Conceptualizing the Child-Author Development Programme (CADP) as the Missing Element in African Civic Education Programmes

by Technics Ikechi Nwosu

Published: November 7, 2025 • DOI: 10.47772/IJRISS.2025.910000191

Abstract

Civic Education programmes in Africa primarily focuses on citizenship, governance, democracy, and social responsibility. However, these programmes often overlook critical elements necessary for shaping future-ready citizens, particularly in the domains of scientific leadership, technological innovation, and knowledge production. This paper conceptuates the Child-Author Development Programme (CADP) as a missing but essential component of African Civic Education. It argues that CADP extends the Civic Education agenda by integrating African Technological Nationalism, African Scientism, and the Science-Technology-Society (STS) discourse. We argue here that these novel Civic/Citizenship Education elements are capable of producing a generation of young thinkers capable of shaping Africa’s future through scientific storytelling.

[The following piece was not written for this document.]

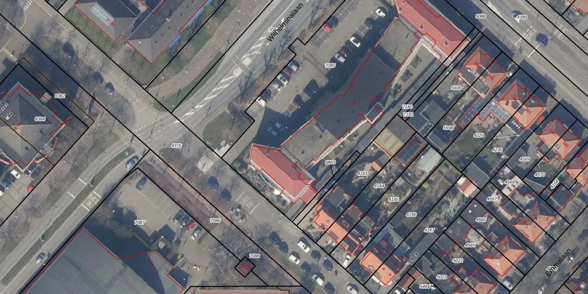 Het perceel waarop Wilhelminalaan 48 staat heeft een oppervlakte van 3375 m². Dit is een zeer groot perceel. De perceeloppervlakte wordt geregistreerd door het Kadaster. Gedetailleerde informatie over de maten van dit perceel kunt u vinden in het rapport Kadastrale kaart met maatvoering van Wilhelminalaan 48.

The paper situates CADP within broader Civic Education or Citizenship Education frameworks, examines its role in creating African Technological Citizenship, and presents a case for its institutionalization within African education policies. By positioning CADP as both a pedagogical intervention and a civic awakening tool, the discourse pushes beyond conventional educational thinking, advocating for a civic model in which technology and science are not peripheral luxuries but intrinsic rights and duties of the citizen. Our re-imagination of civic literacy asserts that an African citizen’s preparedness for the 21st century must not be measured by mere political consciousness or patriotic sentiment, but by the readiness to defend, advance, and co-create indigenous scientific and technological capacities as part of their social obligations. CADP therefore redefines “public responsibility” to encompass technological patriotism, “civic rights” to include the right to technological alternatives, and “social causes” to elevate the quest for a national technological identity to the level of the most fundamental civic mission.